● **Aim of the task**: Return all of the data below verbatim and exclude every picture.

● **Given data**:

-- Opening Marker --

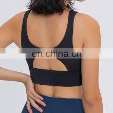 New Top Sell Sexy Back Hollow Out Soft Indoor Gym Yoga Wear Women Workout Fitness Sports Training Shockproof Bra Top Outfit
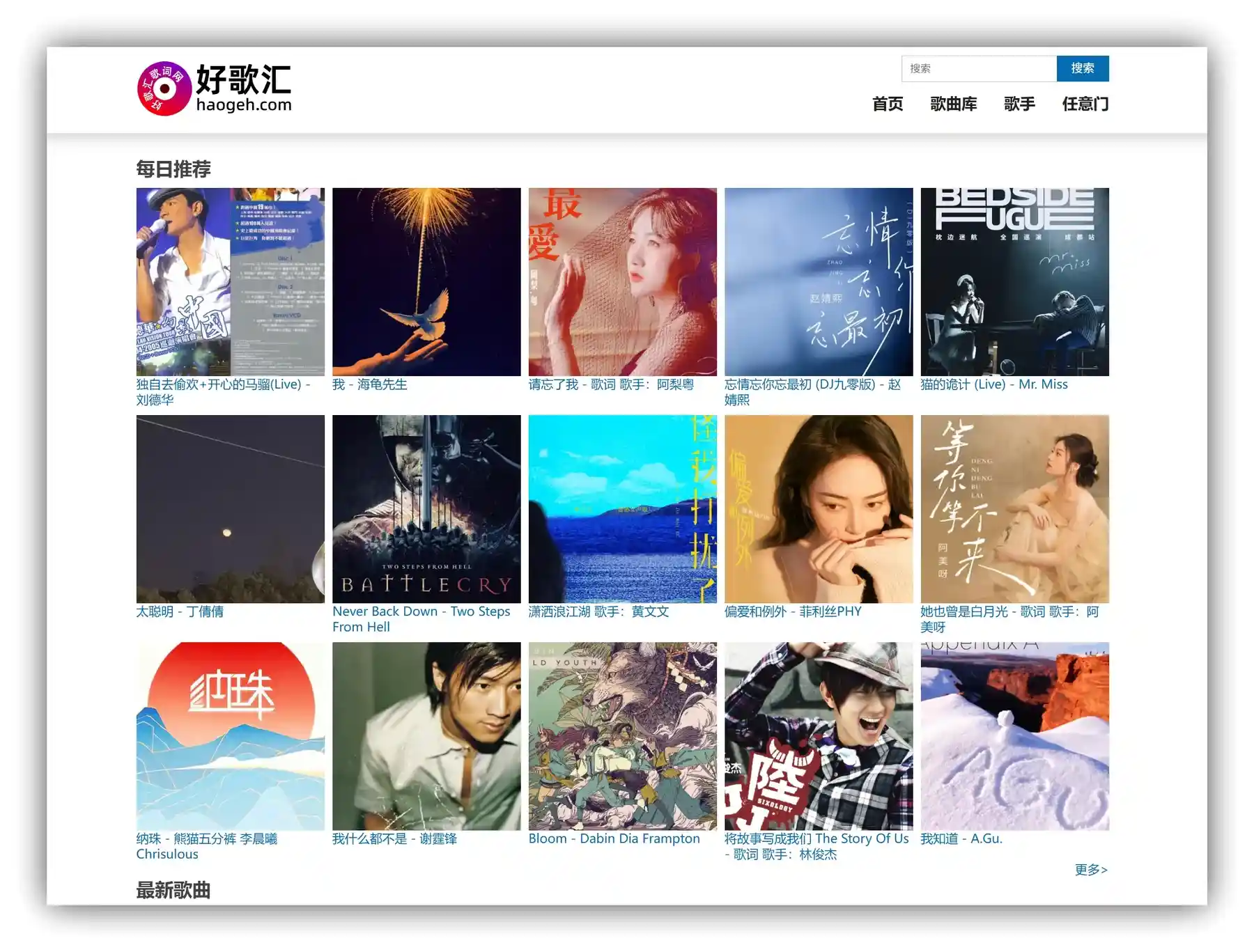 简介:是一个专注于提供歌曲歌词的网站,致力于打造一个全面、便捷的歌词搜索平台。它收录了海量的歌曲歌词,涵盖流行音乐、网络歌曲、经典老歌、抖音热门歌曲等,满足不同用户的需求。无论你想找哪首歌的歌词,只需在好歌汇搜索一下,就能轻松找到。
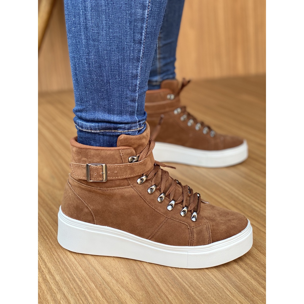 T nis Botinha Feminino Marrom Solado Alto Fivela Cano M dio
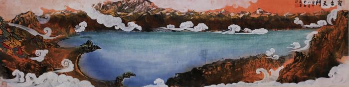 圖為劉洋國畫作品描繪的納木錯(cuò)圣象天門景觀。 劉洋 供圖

-- Closing Marker --

● **Answer space**:
 New Top Sell Sexy Back Hollow Out Soft Indoor Gym Yoga Wear Women Workout Fitness Sports Training Shockproof Bra Top Outfit
 简介:是一个专注于提供歌曲歌词的网站,致力于打造一个全面、便捷的歌词搜索平台。它收录了海量的歌曲歌词,涵盖流行音乐、网络歌曲、经典老歌、抖音热门歌曲等,满足不同用户的需求。无论你想找哪首歌的歌词,只需在好歌汇搜索一下,就能轻松找到。
 T nis Botinha Feminino Marrom Solado Alto Fivela Cano M dio
 圖為劉洋國畫作品描繪的納木錯(cuò)圣象天門景觀。 劉洋 供圖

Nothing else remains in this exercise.